Se aqueles ossos fossem realmente de tigre, He Caigui jamais os exibiria tão abertamente. Ossos de tigre selvagem custam milhares por grama; aquele monte valeria milhões. Ao ser desmascarado, He Caigui ainda insistiu, pensando que Tang Feng estava enganado. Ele revirou os olhos e disse: “Não pode ser! Ouvi dizer que havia um rei tigre nessas montanhas, desaparecido há poucos anos. Olhe de novo, senhor Tang.” “Não precisa.
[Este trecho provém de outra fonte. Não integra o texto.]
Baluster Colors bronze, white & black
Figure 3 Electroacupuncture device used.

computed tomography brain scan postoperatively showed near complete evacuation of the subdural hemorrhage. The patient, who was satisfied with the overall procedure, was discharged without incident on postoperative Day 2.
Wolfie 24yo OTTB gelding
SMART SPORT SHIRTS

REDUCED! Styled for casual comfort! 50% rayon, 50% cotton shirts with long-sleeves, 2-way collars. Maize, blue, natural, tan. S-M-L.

Ossos de tigre são delicados como porcelana, quentes como jade, mas esses são frios ao toque, completamente diferentes.” Após ouvir Tang Feng, ele percebeu que estava diante de um especialista. Escondendo o constrangimento, sorriu sem jeito: “Senhor Tang, verificar a autenticidade de ossos de tigre não é coisa simples. Vou mandar analisar na cidade. Depois você não vai se arrepender.” Arrepender-se? Jamais! Aquilo era um monte de ossos de javali usados para enganar incautos; Tang Feng não cairia nessa.
Ao longo dos anos, Tang Feng havia estudado ervas e tesouros naturais com seu mestre; não havia nada que desconhecesse. Pensar em enganá-lo era uma ilusão. “Mas esse lingzhi sangrento é mesmo uma raridade. Veja essa cor vermelha vibrante, as texturas delicadas — um verdadeiro tesouro.” He Caigui ainda insistia, apontando para o grande lingzhi. Os aldeões, que coletavam ervas há anos, não diziam nada. Embora não soubessem identificar ossos de tigre, reconheciam a autenticidade do lingzhi.
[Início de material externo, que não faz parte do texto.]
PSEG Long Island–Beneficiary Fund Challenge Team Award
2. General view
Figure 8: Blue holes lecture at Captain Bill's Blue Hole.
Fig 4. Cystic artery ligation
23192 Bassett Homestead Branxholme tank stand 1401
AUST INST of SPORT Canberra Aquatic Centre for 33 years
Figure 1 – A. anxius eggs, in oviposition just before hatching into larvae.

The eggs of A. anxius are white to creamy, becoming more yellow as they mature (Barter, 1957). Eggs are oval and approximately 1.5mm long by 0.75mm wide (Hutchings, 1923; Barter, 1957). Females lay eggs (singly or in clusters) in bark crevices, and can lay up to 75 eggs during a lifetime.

O lingzhi sangrento, também chamado de lingzhi escarlate ou “pera do túmulo”, é uma planta medicinal muito rara. Geralmente cresce sob árvores em vales, mas aquele lingzhi, desde que entraram na casa, exalava um cheiro pútrido. Evidentemente, fora arrancado de um túmulo, pois só cresce em cadáveres em decomposição em sepulturas. Tinha o tamanho de um polegar e formato de pera, daí seu nome.
O lingzhi sangrento possui propriedades medicinais impressionantes, sendo um tesouro raro. Contudo, aquele exemplar era curioso, quase intrigante. “Senhor Tang, não fique ali parado. Este lingzhi é bom, não acha? Deve ter pelo menos cem anos. Uma raridade mundial.” “Se quiser, faço um preço especial: duzentos mil.” He Caigui, cheio de expectativa, propôs.
Duzentos mil? Ao ouvir a proposta exorbitante, os aldeões ficaram comovidos. Com essa quantia, poderia-se construir uma casa grande na vila e até comprar um carro pequeno. Tang Feng mexeu no lingzhi com o dedo, desinteressado: “O preço não é alto, mas essas coisas azaradas não me servem. Eu aconselho você a enterrá-lo logo.” Coisas azaradas? He Caigui quase vomitou sangue de raiva. Como ousava Tang Feng chamar seu tesouro de azarado? Era uma ofensa intolerável!
Pensando nisso, por mais dinheiro que Tang Feng tivesse, He Caigui não lhe daria moleza. Com o rosto carrancudo, disse: “Senhor Tang, abra bem os olhos! Isso é lingzhi sangrento de verdade! Os ossos são difíceis de identificar, mas o lingzhi é fácil de reconhecer. Pergunte aos aldeões ao redor se alguém conhece essa coisa.”